To build platform just run next commands
docker build -t openintegrationhub/flows-operator:latest services/flows-operator
docker push openintegrationhub/flows-operator:latest
docker build -t openintegrationhub/scheduler:latest services/scheduler
docker push openintegrationhub/scheduler:latest
docker build -t openintegrationhub/communication-router:latest services/communication-router
docker push openintegrationhub/communication-router:latest
- Platform does not handle changes in task. So to apply changes you need to delete and then recreate flow.
- Platform does not handle task failure. So if component fails, and kubernetes failed to start it within retries defined by standart restart policy, than component will be broken, and the whole flow will be broken
- Platform does not provide a way to configure secrets to download private docker images
- Platform does not provide a way to inject some input data into flow. But this may be done by first step itself (e. g. start http server and create kubernete's service to handle input traffic for it)
- Platform does not define resource limits on components. This confuses kubernetes' distribution mechanisms, and in worst case all components may be started at same node, and overload it.

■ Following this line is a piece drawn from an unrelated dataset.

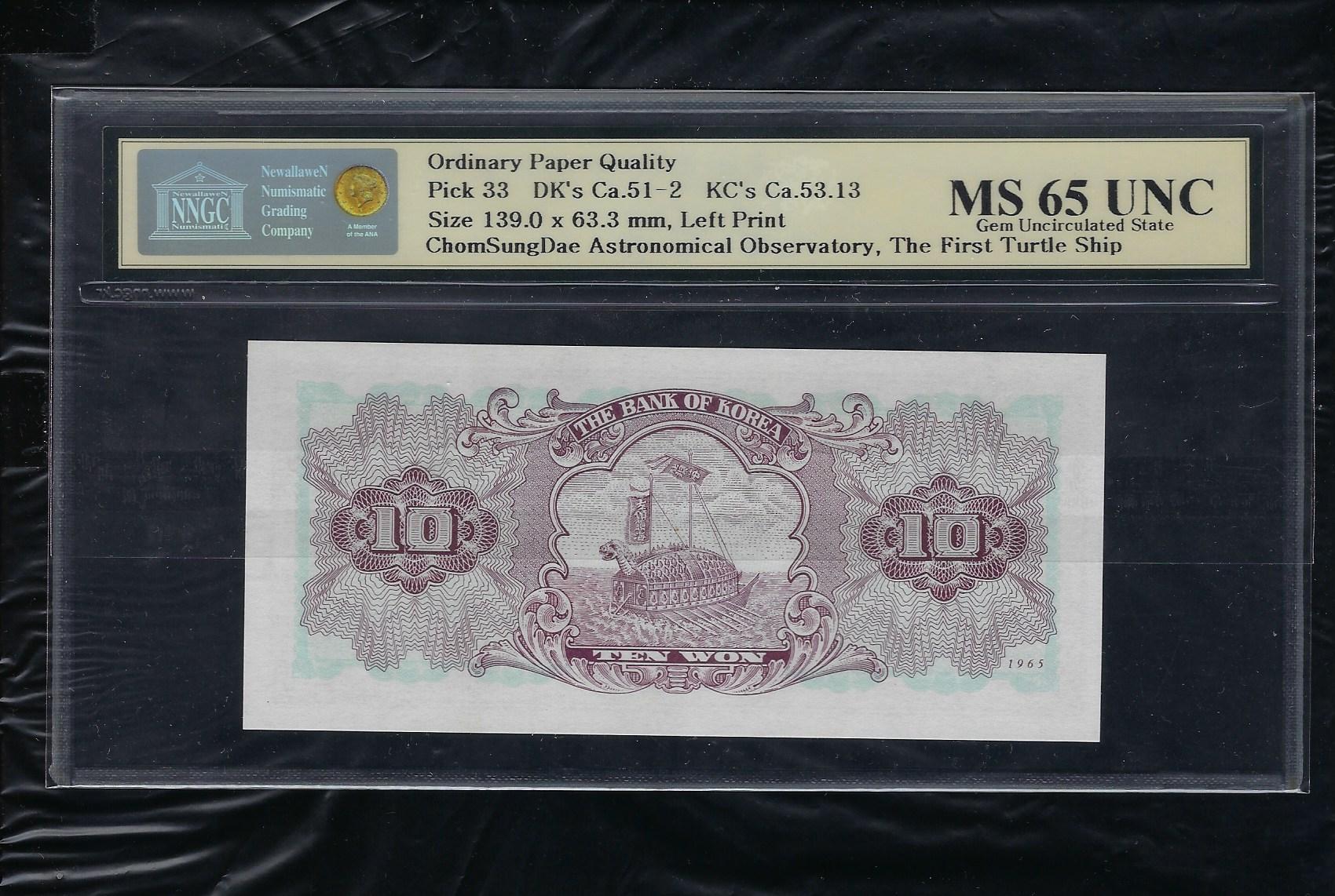 한국은행 나 10 원권 1965년 78판으로 상태는 사진에서 보시는 봐와 같이 더 설명이 필요없는 상위 완전미사용품 NNGC MS 65 UNC등급입니다.

- Platform does not remove queues and exchanges used by task after task deletion
- Platform use same rabbitmq account for itself and for tasks. And requires that account has privileges to create queues and exchanges in virtual host.
- Platform uses rabbitmq inside deployment, and does not persist rabbitmq's durable messages at some "real" storage. So they'll be lost after platform restart
- There may be race condition between external world and service. So fast delete/creation of flow may be ignored
- There may be race condition between scheduler and job start. First timer tick may be lost.